An automated pipeline that turns years of raw LLM chat exports into searchable, indexed notes (this website is built on this tool).

Objective

I wanted a system that could turn my old LLM chat conversations into useful notes I could actually search, reference, and show to other people. The goal was to organize and summarize my entire chat history in Obsidian with strong privacy controls, flexible extraction, and clear narrative output.

Setup & Data Import

Over the years, as my LLM chat history kept expanding (by now I have hundreds of conversations), it became difficult to keep track of those conversations- where did we talk about this or that, when was this tool mentioned, what did the model say about this, and so on. I was doing a lot of scrolling.

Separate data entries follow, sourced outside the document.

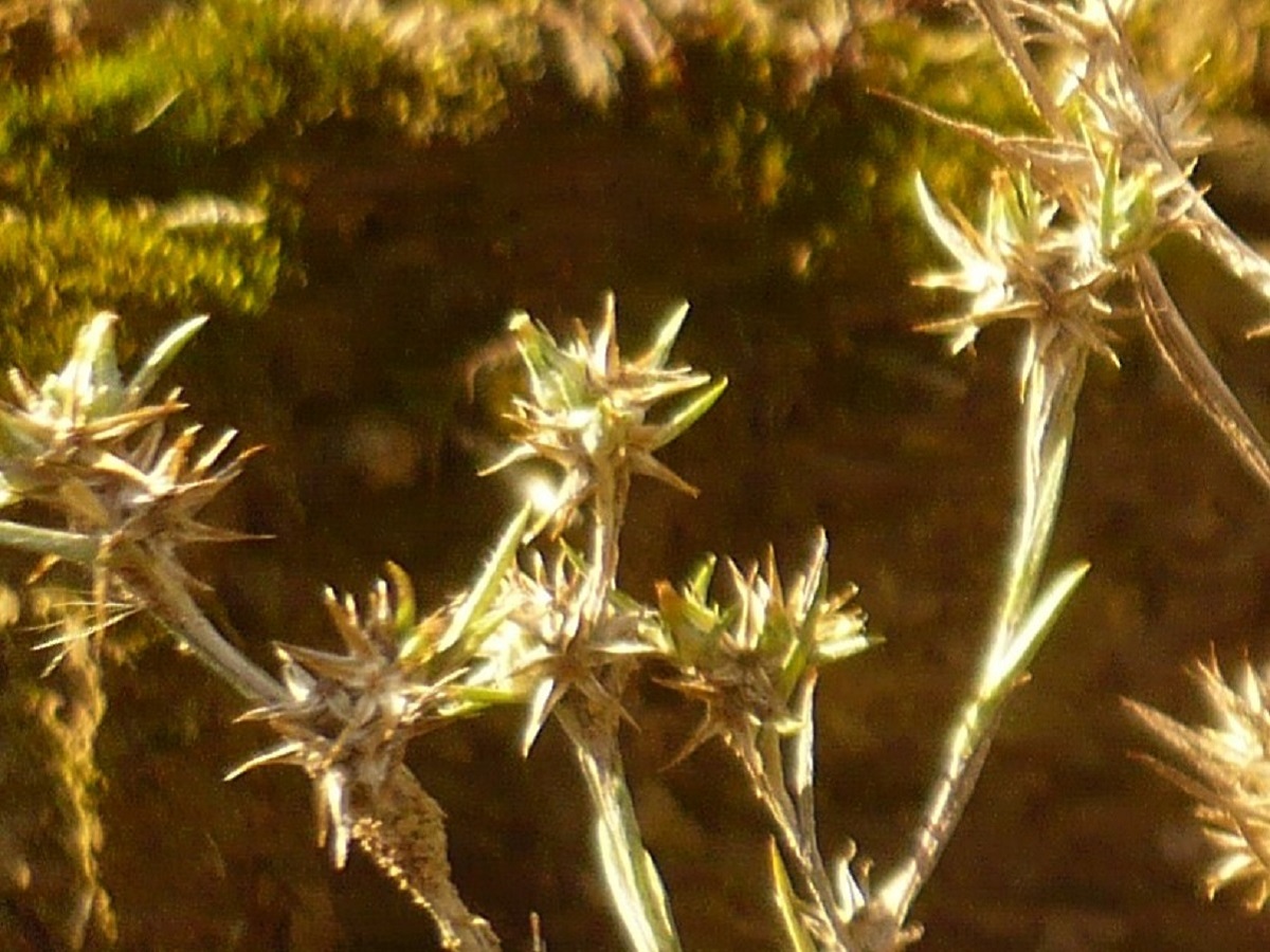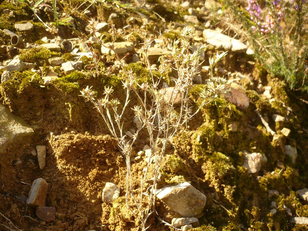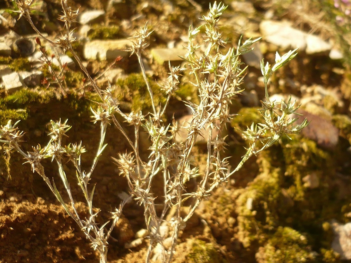 Th – 0,5-2,5 dm – Grisâtre ramifiée, feuilles L de 1,5-2,5 cm en alêne, raides – Glomérules (< feuilles) sessiles de 2-14 capitules de L ≃ 3 mm ovoïdes à 5 angles, bractées à base très renflée
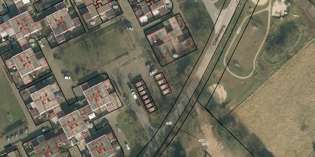 Gebruik de zoekbalk of klik op een perceel voor informatie over de adressen binnen dit perceel.
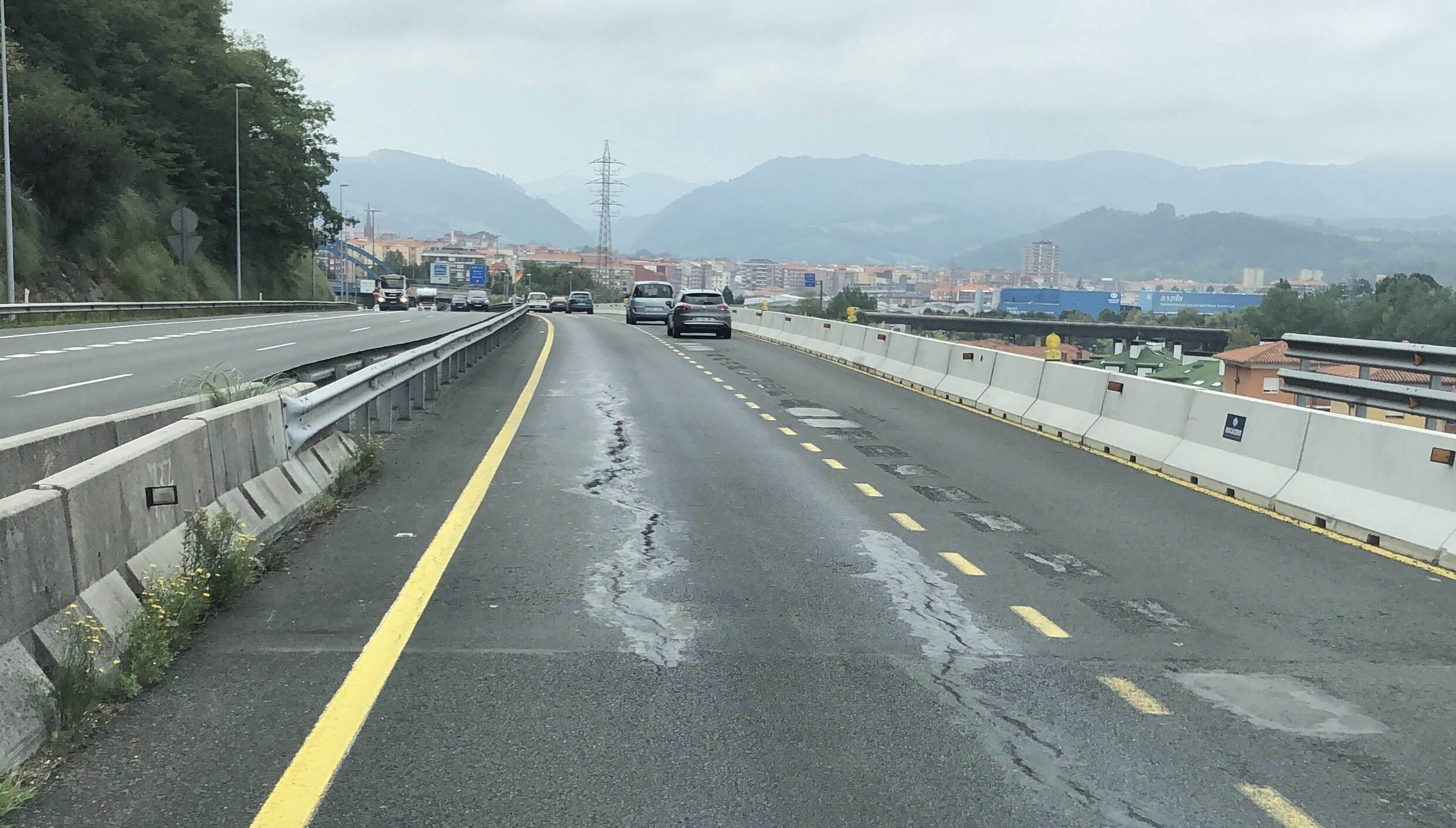 Una bolsa de agua debajo de los carriles, en la llegada de la autovía a Torrelavega, es el origen de la nueva grieta, que se encuentra unos metros antes del lugar donde ocurrió el argayo hace unas semanas.
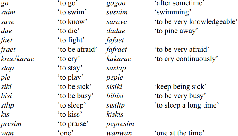 Pijin makes room for reduplication as a productive pattern in the morphology of (primarily) verbs, where it can function to modify meaning or mood. It is also present in the substrate languages of the Solomon Islands, such that it remains to be seen whether the morphophonemic rules also correspond to those of the vernaculars. Reduplication may involve either full or partial reduplication of the first syllable.
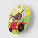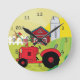 Cute wall clocks that feature a farm design of a red tractor with a rooster on top, in front of a red barn, and silo. These customized clocks would look adorable in child's bedroom, a country themed baby nursery, or a country themed home.
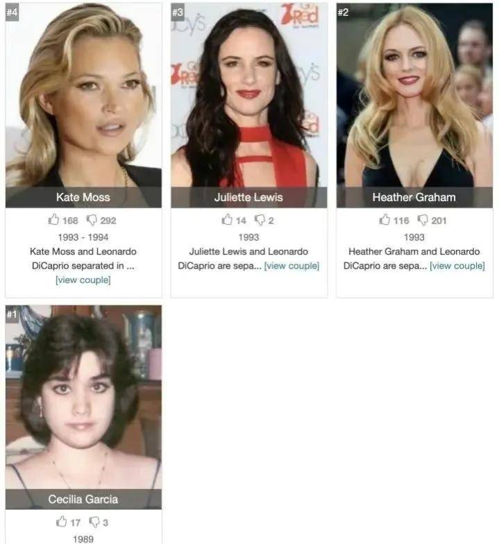 ![]() 莱奥纳多新的约会对象,长得有点像寡姐 ![]() 新女友和前夫 ![]()
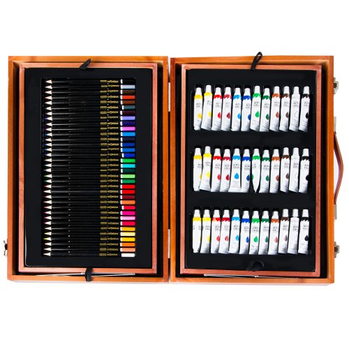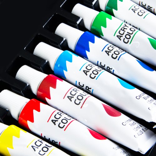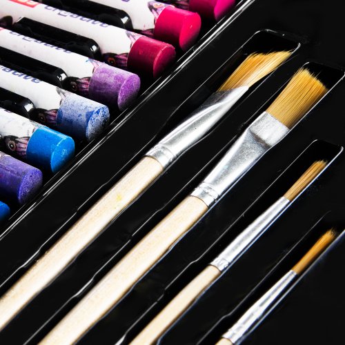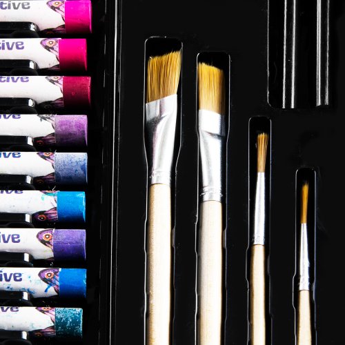 - Farebná paleta: 36 akrylových farieb v tube na maľovanie na plátno aj papier, 34 klasických pasteliek a 54 voskových pastelov v žiarivých farbách.

In addition, I felt that, because I ran anything work related by an LLM, it was an extremely valuable standalone asset. However, in its current form, it could not really be shared or displayed. So I exported all of my chats and began to figure out how to parse and render them in an accessible, easy-to-browse format. The result is the website you're reading right now. Here's how I did it.

First, I started by choosing Obsidian as my knowledge base. I started a vault for projects and chat logs, exported my ChatGPT conversations, and wrote Python scripts to batch-convert the raw conversations.json into Markdown files. This included handling filename normalization for Windows compatibility.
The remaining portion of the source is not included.